General characteristics
- Class & type: Passaic-class ironclad monitor
- Displacement: 1,335 long tons (1,356 t)
- Length: 200 ft (61 m) overall
- Beam: 46 ft (14 m)
- Draft: 11 ft 6 in (3.51 m)
- Installed power: 320 ihp (240 kW)
- Propulsion: 1 × Ericsson vibrating lever engine; 2 × Martin boilers; 1 × shaft;
- Speed: 7 kn (8.1 mph; 13 km/h)
- Complement: 76
- Armament: 2 × 15 in (380 mm) Dahlgren guns
- Armor: Side: 3–5 in (7.6–12.7 cm); Turret: 11 in (28 cm); Pilothouse: 8 in (20 cm); Deck: 1 in (2.5 cm);
- Notes: Armor is iron.

= USS Camanche (1864) =

200 foot ironclad warship, sold 1899

USS Camanche was a monitor that was prefabricated at Jersey City, New Jersey by Donahue, Ryan and Secor for the sum of $613,164.98 ($ in present day terms). She was disassembled and shipped around Cape Horn in the sailing ship Aquila to San Francisco, California. Aquila arrived in San Francisco on 10 November 1863 but sank at her wharf in 30 feet of water on 14 November 1863 as a result of storm damage and a collision with another ship. The monitor's parts were salvaged and she was launched on 14 November 1864. Camanche was commissioned in May 1865, Lieutenant Commander Charles J. McDougal in command.

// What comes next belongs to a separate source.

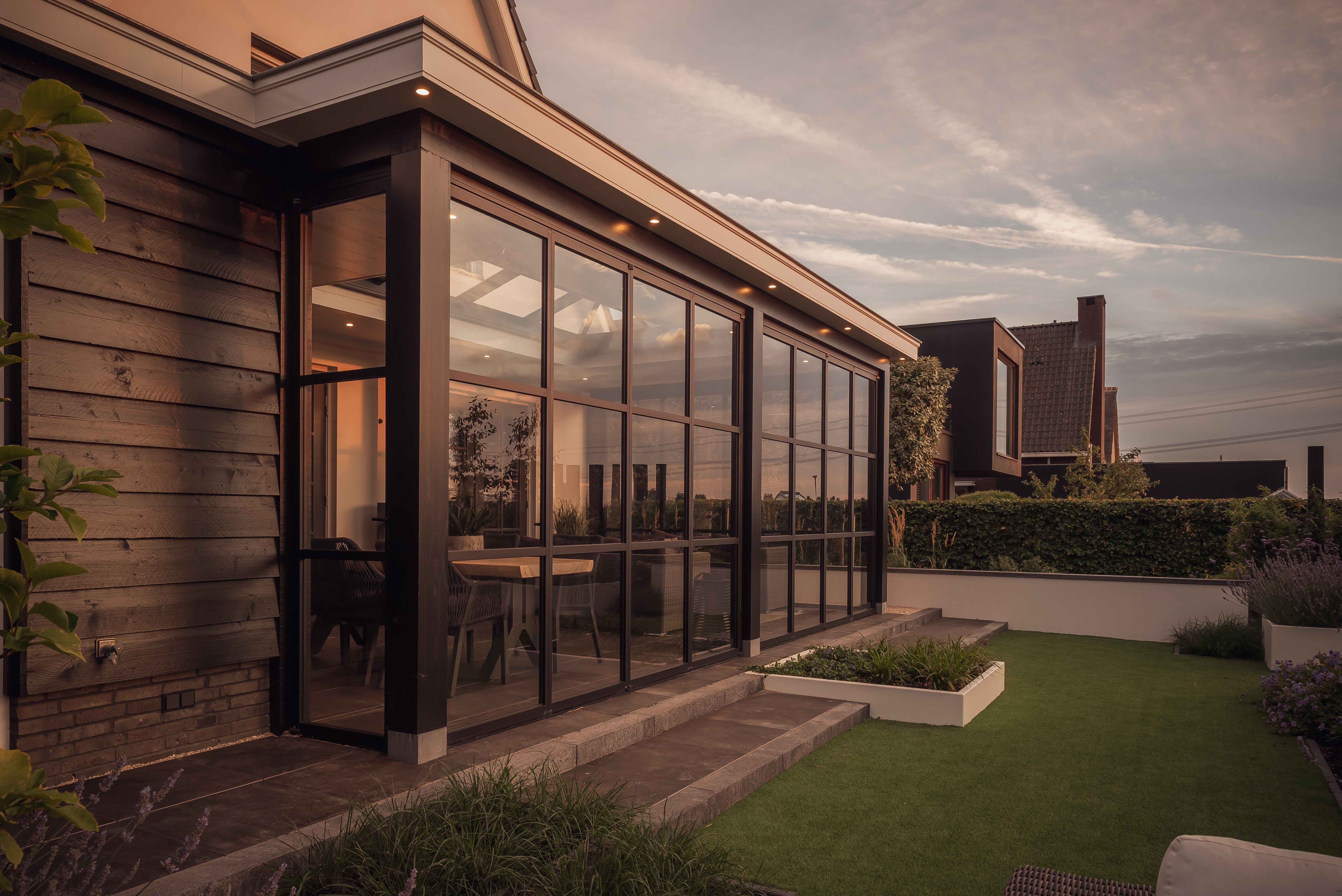 De slanke en stevige profielen van onze glaswanden worden in eigen beheer vervaardigd uit duurzaam aluminium – een hoogwaardig, lichtgewicht metaal dat niet roest. Deze eigenschappen maken het materiaal uitermate geschikt voor buitentoepassingen zoals ramen en deuren. Bovendien zijn de technische mechanismen subtiel geïntegreerd in de raamstijlen en het framewerk, iets wat met staal of hout nauwelijks mogelijk zou zijn.

Commissioned just after the end of the Civil War, for more than a year—until the arrival of the larger monitor —Camanche was the only U.S. ironclad on the Pacific coast, and she was one of but two stationed there for nearly 25 years.

Camanches career was a quiet one, with the ship generally maintained in decommissioned status at the Mare Island Navy Yard, in northern San Francisco Bay. She was the California Naval Militia's training ship in 1896–97 and appears to have been reactivated for a few months in 1898, during the Spanish–American War, for coastal defense purposes.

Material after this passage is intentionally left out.